Eight times a year, a committee meets in Washington and the world's markets hold their breath. The FOMC doesn't set your mortgage rate, your car-loan rate, or your credit-card rate — yet within days of its announcement, all of them move. That's monetary policy: the Fed steering one overnight interest rate and letting arbitrage carry the impulse through every borrowing decision in the economy. This lesson gives you the graph where that steering happens (the money market), the toolbox (old-style and modern), and the chain of dominoes the AP loves to make you narrate: tools → rate → investment → AD → GDP and prices. Learn the chain cold; it's the most-asked sequence in Unit 4.
The money market determines the nominal interest rate in the short run.
Equilibrium: MD crosses MS at the nominal rate. MS right → rate falls; MS left → rate rises; MD right (with MS fixed) → rate rises.
| Tool | Expansionary (fight recession) | Contractionary (fight inflation) |
|---|---|---|
| Open market operations (the workhorse) | Buy bonds → reserves ↑ → MS ↑ | Sell bonds → reserves ↓ → MS ↓ |
| Discount rate (Fed's loan rate to banks) | Lower | Raise |
| Reserve requirement | Lower (rarely used) | Raise (rarely used) |
Memory hook: buy = bigger money supply; sell = smaller.
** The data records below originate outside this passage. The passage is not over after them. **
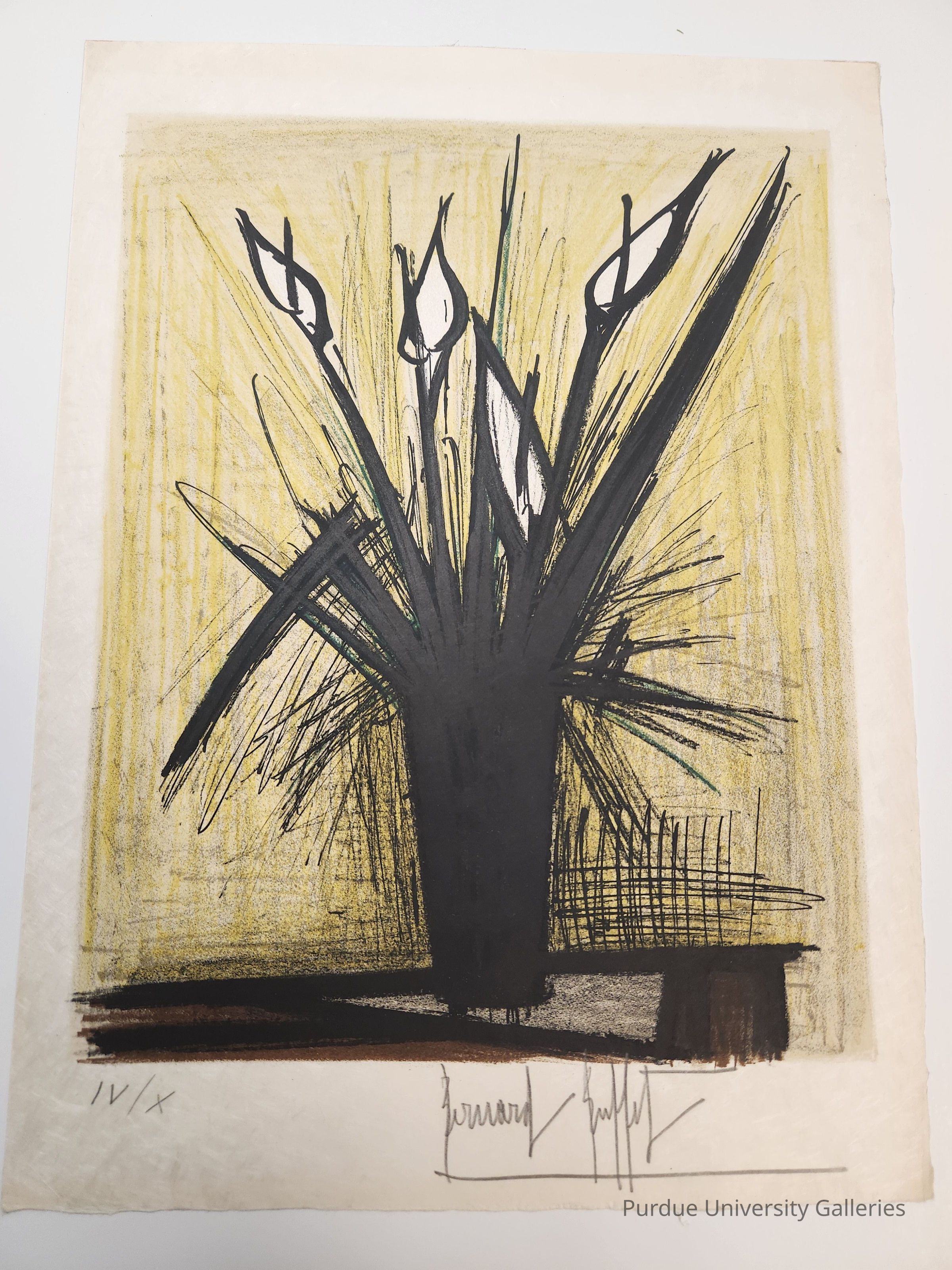 Arums is a recent find for the collection. Last month Purdue Galleries Director Erika Kvam was contacted by Professor Christine Schertz in the Department of Chemistry letting us know that they had a Bernard Buffet print in their department from an old art lending program and that it had to be removed from the wall because of renovations. After being transferred to Purdue Galleries collection space, it was removed from its frame, catalogued, condition reported, and is now resting in storage since the longer a work on paper is on display, the longer it should be put away to ensure that there is no damage from light. The general rule of thumb for a fine art collection is works on paper and other delicate objects such as textiles should only be on display for three to six months and then rest for up to three years depending on the material. While the Buffet rests, there are still dozens of paintings and prints hanging in public spaces around campus, so next time you are walking through Purdue’s halls or visiting offices look around and you might see some wonderful pieces for you to enjoy.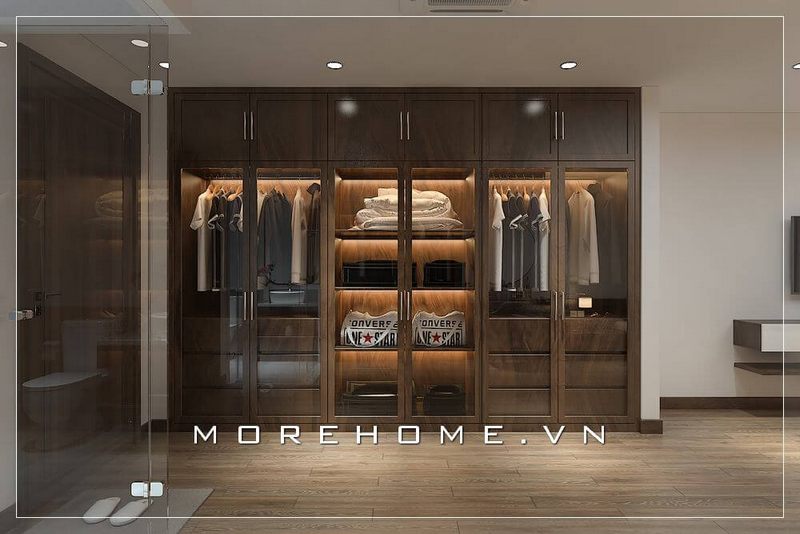 Tủ áo gỗ óc chó hiện đại kết hợp cánh kính sang trọng đáp ứng được công năng và nhu cầu của gia chủ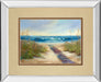 Step into a serene coastal escape with this beautifully framed artwork that captures a tranquil beach pathway leading to gentle ocean waves. The soft blues and sandy neutrals evoke a calming atmosphere, perfect for bringing a peaceful touch to any living room, bedroom, or office. Enhanced by a sleek mirrored frame and double matting in warm beige and brown tones, this piece offers a polished gallery-style finish that highlights the vibrant colors and delicate details. Protected by premium real glass, the artwork is ready to hang and invites you to pause and enjoy the soothing beauty of nature's coastal charm.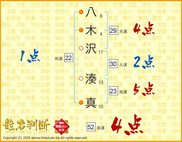 八木沢湊真さんの天運は29画の4点!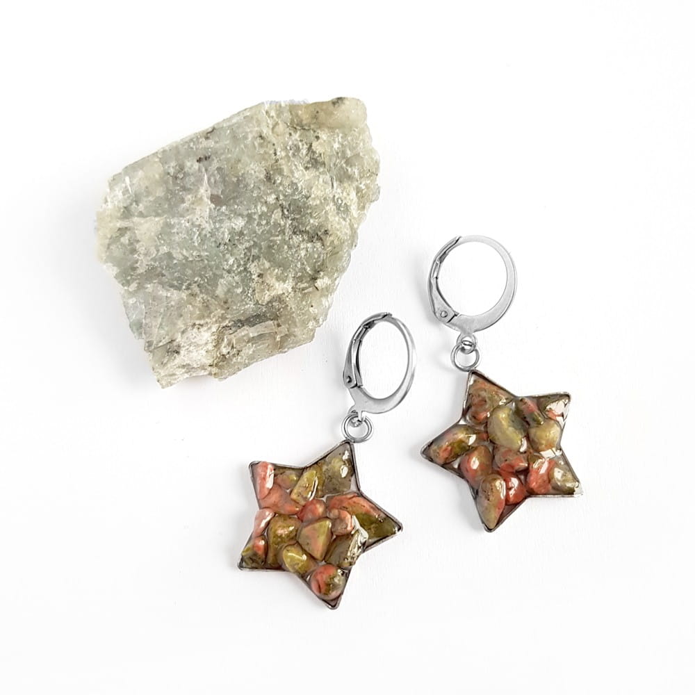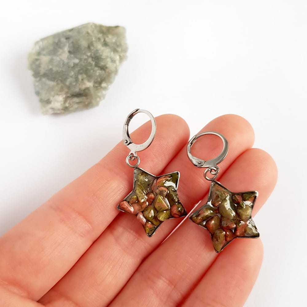 Kolczyki wiszące gwiazdki unakit w żywicy stal chirurgiczna Sparkles unakite

OMOs work through Lesson 9's multiplier: reserves injected multiply into deposits.
The federal funds rate — banks' overnight interbank lending rate for reserves — is the Fed's target; the tools exist to move it.
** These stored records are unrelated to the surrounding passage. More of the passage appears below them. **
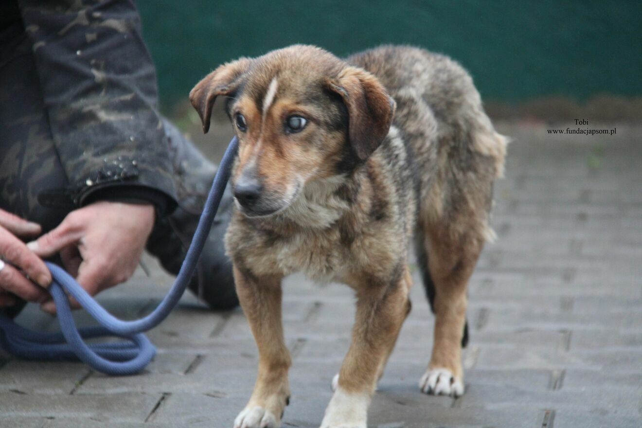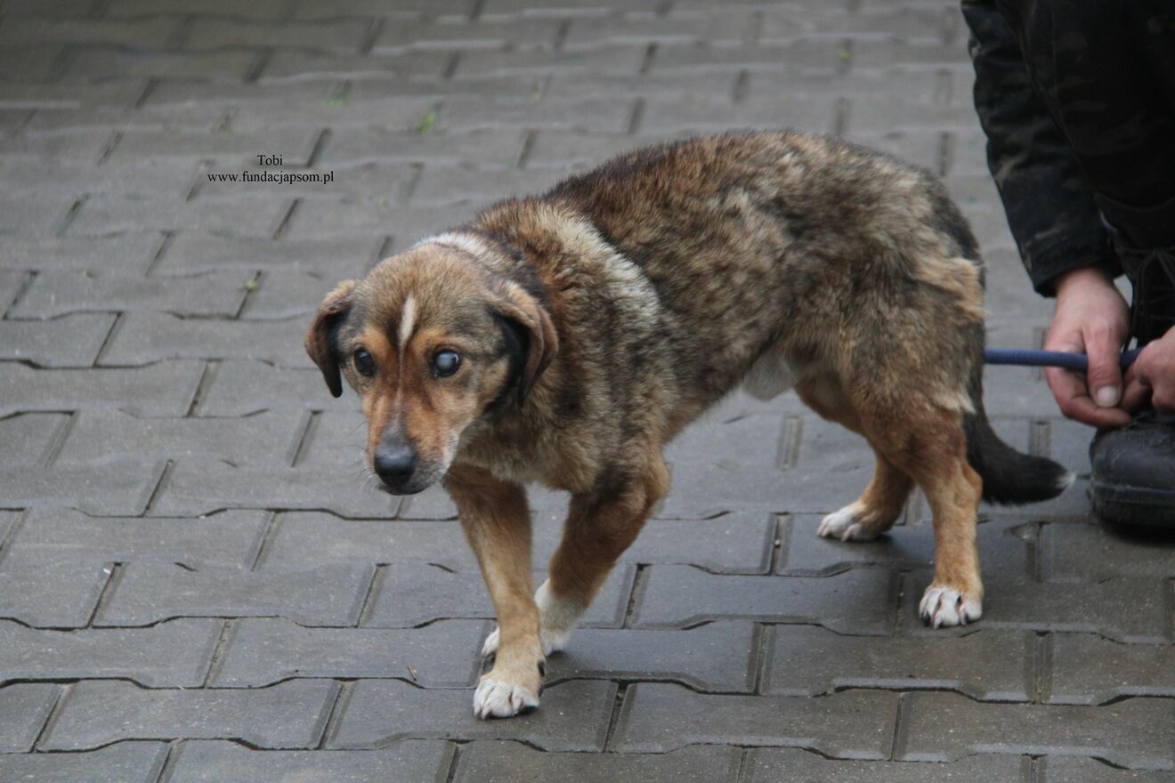 Tobi został znaleziony na terenie gminy Leoncin. Tobi to starszy pies, spokojny, pełen czułości i ogromnej wdzięczności. Bardzo przyjazny, uwielbia kontakt z człowiekiem. Cichy, spokojny, zamiast długich spacerów wystarczą spokojne przechadzki, ciepłe legowisko, troska i spokój. Tobi to żywy dowód na to, że z brakiem wzroku i w podeszłym wieku można mieć niesamowicie kochające i lojalne serce. Wniesie do nowego domu spokój, czułość i wdzięczność.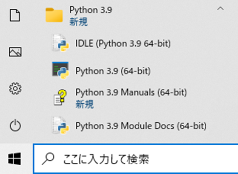 Windowsのスタートボタンをクリックして、右の「IDLE」をクリックします。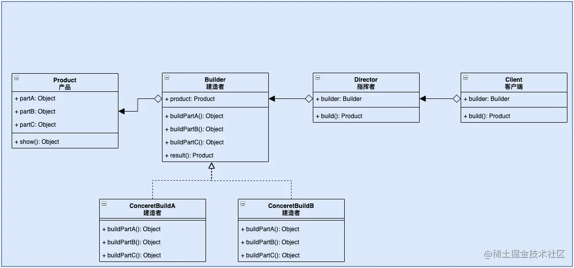 从上图可以看出, 建造者(Builder)模式由5个主要部分构成。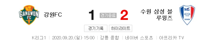 국내축구 - 강원 VS 수원 2020 K리그 22라운드 하이라이트 (2020년 9월 20일)

Since banks now hold abundant reserves, small OMOs can't move the funds rate — the classic supply-demand squeeze doesn't bind. Instead the Fed steers with administered rates:
Exam translation: expansionary = lower IORB/administered rates (ample) or buy bonds (limited); contractionary = raise IORB or sell bonds. Know both vocabularies — the CED requires the ample-reserves framing, and older-style questions still use OMOs.
Expansionary: Fed buys bonds (or lowers IORB) → MS ↑ → nominal interest rate ↓ → investment and interest-sensitive consumption ↑ → AD shifts right → real GDP ↑, price level ↑, unemployment ↓.
Contractionary: sell bonds / raise IORB → MS ↓ → rate ↑ → I ↓ → AD left → output ↓ (toward Yf), PL ↓.
The real-interest-rate thread: in the short run with sticky inflation expectations, moving the nominal rate moves the real rate — and the real rate is what investment answers to. (Long-run: money can't move Yf; more money just means higher prices — Lessons 4 and 13's quantity-theory anchor.)
Monetary vs. fiscal, permanently distinguished: Fed/money/interest rates vs. Congress/G/taxes. A bond purchase by the Fed is monetary; a spending bill is fiscal. Both shift AD; the mechanisms differ — and the exam mixes them in the same question stem to catch skimmers.
Apply It: The economy has an inflationary gap. Name the OMO, the IORB move, and the chain. → Sell bonds / raise IORB → MS ↓ (or funds rate ↑ directly) → nominal rate ↑ → I ↓ → AD left → output falls to Yf, price level falls.
[GRAPH: The Money Market — expansionary policy
X-axis: Quantity of money
Y-axis: Nominal interest rate (i)
Curve 1: MD, downward-sloping
Curve 2: MS₁, vertical at Q₁
Equilibrium at (Q₁, i₁)
Shift: Fed buys bonds → MS shifts right to MS₂ (vertical at Q₂) →
new equilibrium (Q₂, i₂ < i₁) → nominal rate falls]
[GRAPH: Companion AD-AS — the transmission's destination
X-axis: Real GDP; Y-axis: Price level
Curves: LRAS at Yf; SRAS; AD₁ crossing SRAS left of LRAS (recessionary gap)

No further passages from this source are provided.